Input material:
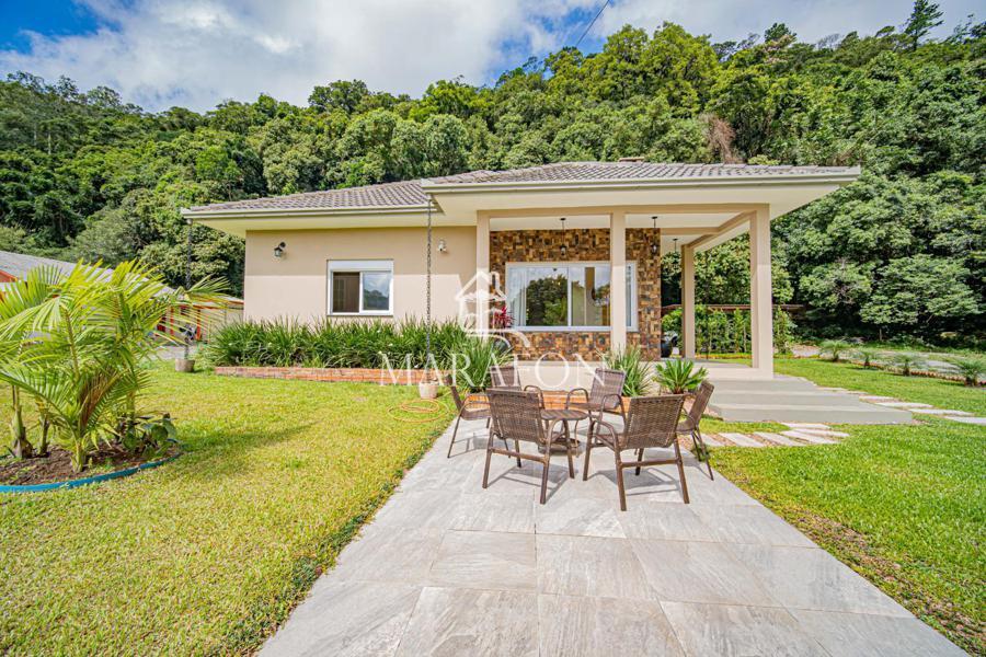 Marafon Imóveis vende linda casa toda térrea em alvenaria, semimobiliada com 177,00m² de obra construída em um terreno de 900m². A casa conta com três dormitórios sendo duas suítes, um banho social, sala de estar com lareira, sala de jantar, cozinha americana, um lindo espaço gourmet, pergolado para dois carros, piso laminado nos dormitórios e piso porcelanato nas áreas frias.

---

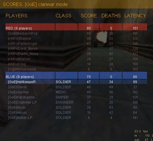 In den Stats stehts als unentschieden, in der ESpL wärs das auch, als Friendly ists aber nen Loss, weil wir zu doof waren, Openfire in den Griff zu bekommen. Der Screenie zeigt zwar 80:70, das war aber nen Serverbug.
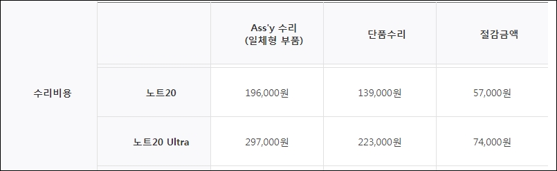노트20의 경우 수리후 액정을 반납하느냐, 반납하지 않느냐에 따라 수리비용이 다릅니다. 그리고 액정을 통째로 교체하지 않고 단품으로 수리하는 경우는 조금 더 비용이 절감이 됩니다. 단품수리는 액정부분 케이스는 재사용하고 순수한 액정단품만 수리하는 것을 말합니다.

==

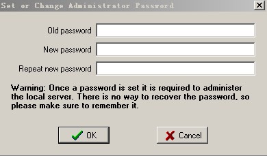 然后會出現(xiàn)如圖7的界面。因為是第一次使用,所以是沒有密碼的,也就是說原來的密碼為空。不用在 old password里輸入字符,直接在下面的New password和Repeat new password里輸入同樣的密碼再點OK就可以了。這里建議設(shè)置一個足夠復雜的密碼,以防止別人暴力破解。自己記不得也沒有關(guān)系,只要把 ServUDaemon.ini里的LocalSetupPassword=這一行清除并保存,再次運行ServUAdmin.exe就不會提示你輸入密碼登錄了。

Exercise brief: Word for word, write out the lines above running from the one with "In den Stats" up to and including the one with "노트20의 경우 수리후". Drop any picture.

Your solution:
 In den Stats stehts als unentschieden, in der ESpL wärs das auch, als Friendly ists aber nen Loss, weil wir zu doof waren, Openfire in den Griff zu bekommen. Der Screenie zeigt zwar 80:70, das war aber nen Serverbug.
노트20의 경우 수리후 액정을 반납하느냐, 반납하지 않느냐에 따라 수리비용이 다릅니다. 그리고 액정을 통째로 교체하지 않고 단품으로 수리하는 경우는 조금 더 비용이 절감이 됩니다. 단품수리는 액정부분 케이스는 재사용하고 순수한 액정단품만 수리하는 것을 말합니다.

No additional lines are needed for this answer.